The cost of an appraisal can vary dramatically between locations, but expect to spend a few hundred dollars at least.
use an online insurance replacement cost calculator
While not as accurate as the DIY model, online calculators can help determine your home’s insurance replacement value. some options are free, while others come with a fee.
tip“it is best if you do the math yourself or hire an independent appraiser simply because your home insurer determines your replacement cost based on their own software without actually doing a proper inspection of your home to give an estimate precise. a home insurance company may not be the best for you,” says brandon.
here are some home replacement cost calculators to try:
- Craft Building Cost Calculator: This tool requires you to enter information about your home and then provides a replacement value report.
- e blue book: This site pulls in publicly available information about your household. enter some additional details and the site will give you a replacement value figure. Plus, you can put together a full home inventory.
- Household Cost: You need to enter some basic information about your home and address to get a fairly detailed report.
Check out each of the home replacement cost calculators to see which one works best for you. When you have an exact replacement cost, you can use our home insurance cost calculator to compare rates.
avoid under insuring your home
David Marlett, Ph.D., CEO of Brantley Risk & Appalachian State University Insurance Center comments on the risk of having an underinsured home in the current climate.
q. What could pose the greatest risk of under insuring homes right now?
a. The biggest risk of underinsurance today could come from changes in building values. since the arrival of covid, building materials have increased dramatically. You may have had the right amount of coverage two years ago, but you may not be able to rebuild your home to the same condition at today’s prices.
q.
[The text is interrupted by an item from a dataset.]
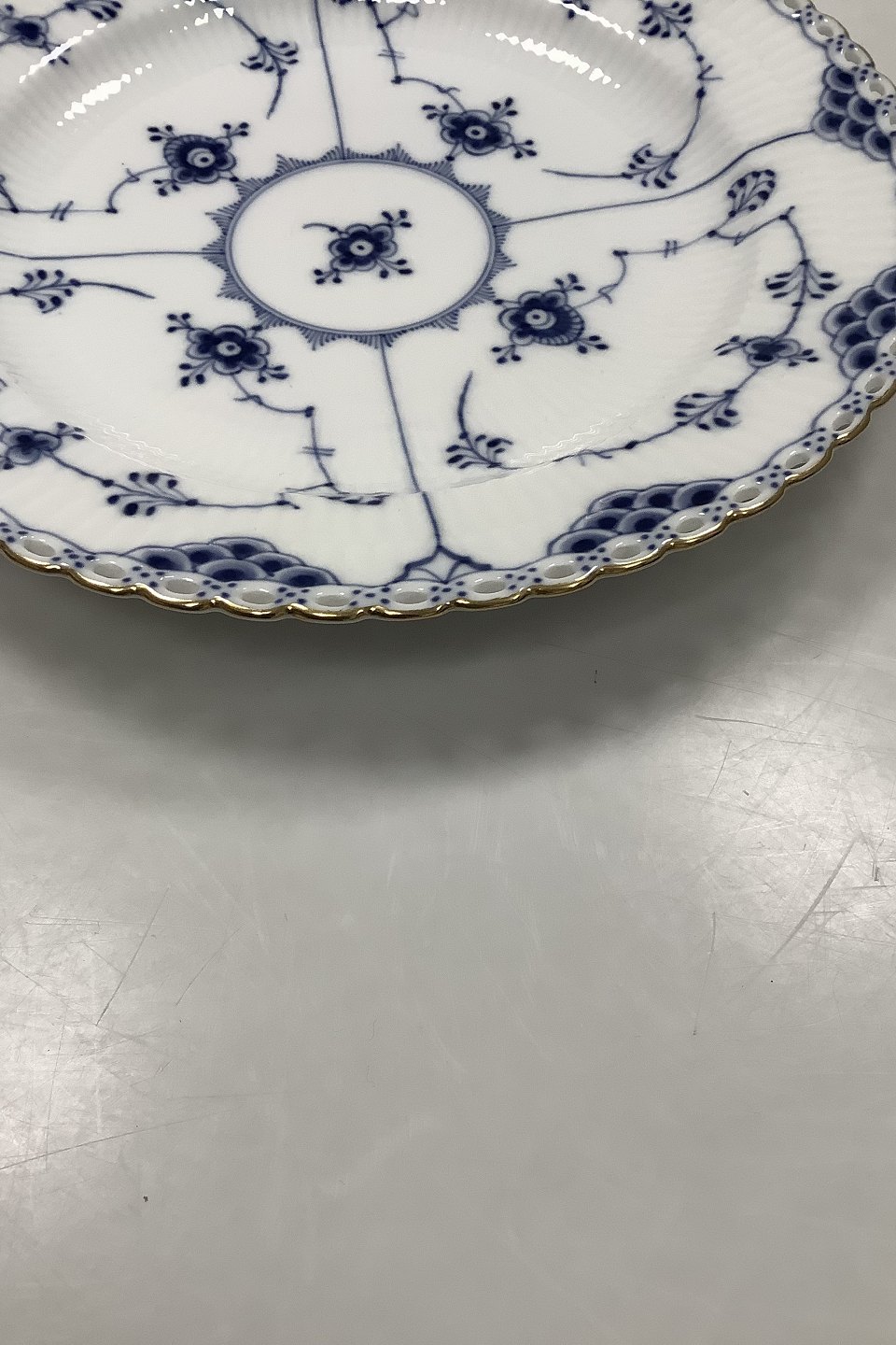 Royal Copenhagen Musselmalet Helblonde Flad Tallerken med guld No 1084. Måler 25 cm / 9 27/32 inch. 2. sortering.

Given the recent changes in construction costs, what should homeowners do?
a. You may want to contact your insurance company or agent to discuss the specifics of your home and adjust your home insurance coverage, if necessary.
q. How does an underinsured home affect those who experience a loss due to fire?
a. In the event of a loss due to fire, homeowners must rebuild on the spot, and inadequate coverage may make it necessary to withdraw savings or rebuild a more modest structure than the one that currently exists.
final tips for replacement cost coverage
The difference in price between an actual cost value policy and a replacement cost policy is usually quite affordable. can be a financial lifesaver if you suffer a major loss.
Here are some final tips on replacement value insurance for both your home and personal property:
- Inventory: A detailed home inventory is essential. document all your belongings, including serial numbers, date of purchase, and price paid.
- re-evaluate annually: check your local construction cost insurance policy each year , as construction costs can increase dramatically from year to year. Check with your insurer about an inflation protection rider. the rider automatically adjusts the limits of your home to reflect the latest construction costs.
- make a video: document the interior and exterior of your home. include items such as appliances, mechanicals, floors, cabinets, ceilings, and any other structures on your property.
- high-value items: “a standard homeowners policy has a minimum coverage for jewelry, fur, silver, and other high-value collectibles,” Clement advises. you may need a rider for these items to be fully covered.
For most homeowners, replacement cost coverage is the best option. Make sure you have accurate estimates for your replacement cost, and check that you’ve added the necessary endorsements to provide extended coverage if needed.